START Material for this task

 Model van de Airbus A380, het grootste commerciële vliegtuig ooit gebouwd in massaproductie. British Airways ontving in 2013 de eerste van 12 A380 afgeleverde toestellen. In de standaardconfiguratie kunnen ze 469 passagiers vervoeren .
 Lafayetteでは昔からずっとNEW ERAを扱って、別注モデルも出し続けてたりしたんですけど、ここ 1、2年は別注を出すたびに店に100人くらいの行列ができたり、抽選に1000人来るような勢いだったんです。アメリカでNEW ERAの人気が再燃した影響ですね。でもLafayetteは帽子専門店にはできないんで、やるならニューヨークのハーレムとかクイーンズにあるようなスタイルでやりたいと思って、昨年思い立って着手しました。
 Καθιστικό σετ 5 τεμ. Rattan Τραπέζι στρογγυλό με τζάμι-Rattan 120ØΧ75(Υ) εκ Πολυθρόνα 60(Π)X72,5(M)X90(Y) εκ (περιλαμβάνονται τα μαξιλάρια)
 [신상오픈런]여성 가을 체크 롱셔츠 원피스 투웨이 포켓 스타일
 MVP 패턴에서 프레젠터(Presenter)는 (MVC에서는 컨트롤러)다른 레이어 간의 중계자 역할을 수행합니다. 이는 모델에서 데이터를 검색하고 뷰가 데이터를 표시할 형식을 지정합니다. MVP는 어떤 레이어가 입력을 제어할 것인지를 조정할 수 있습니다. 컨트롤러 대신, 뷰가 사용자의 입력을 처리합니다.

END Material for this task

> [The task]:
Repeat the full set of records above character for character.

> [Result for this exercise]:
 Model van de Airbus A380, het grootste commerciële vliegtuig ooit gebouwd in massaproductie. British Airways ontving in 2013 de eerste van 12 A380 afgeleverde toestellen. In de standaardconfiguratie kunnen ze 469 passagiers vervoeren .
 Lafayetteでは昔からずっとNEW ERAを扱って、別注モデルも出し続けてたりしたんですけど、ここ 1、2年は別注を出すたびに店に100人くらいの行列ができたり、抽選に1000人来るような勢いだったんです。アメリカでNEW ERAの人気が再燃した影響ですね。でもLafayetteは帽子専門店にはできないんで、やるならニューヨークのハーレムとかクイーンズにあるようなスタイルでやりたいと思って、昨年思い立って着手しました。
 Καθιστικό σετ 5 τεμ. Rattan Τραπέζι στρογγυλό με τζάμι-Rattan 120ØΧ75(Υ) εκ Πολυθρόνα 60(Π)X72,5(M)X90(Y) εκ (περιλαμβάνονται τα μαξιλάρια)
 [신상오픈런]여성 가을 체크 롱셔츠 원피스 투웨이 포켓 스타일
 MVP 패턴에서 프레젠터(Presenter)는 (MVC에서는 컨트롤러)다른 레이어 간의 중계자 역할을 수행합니다. 이는 모델에서 데이터를 검색하고 뷰가 데이터를 표시할 형식을 지정합니다. MVP는 어떤 레이어가 입력을 제어할 것인지를 조정할 수 있습니다. 컨트롤러 대신, 뷰가 사용자의 입력을 처리합니다.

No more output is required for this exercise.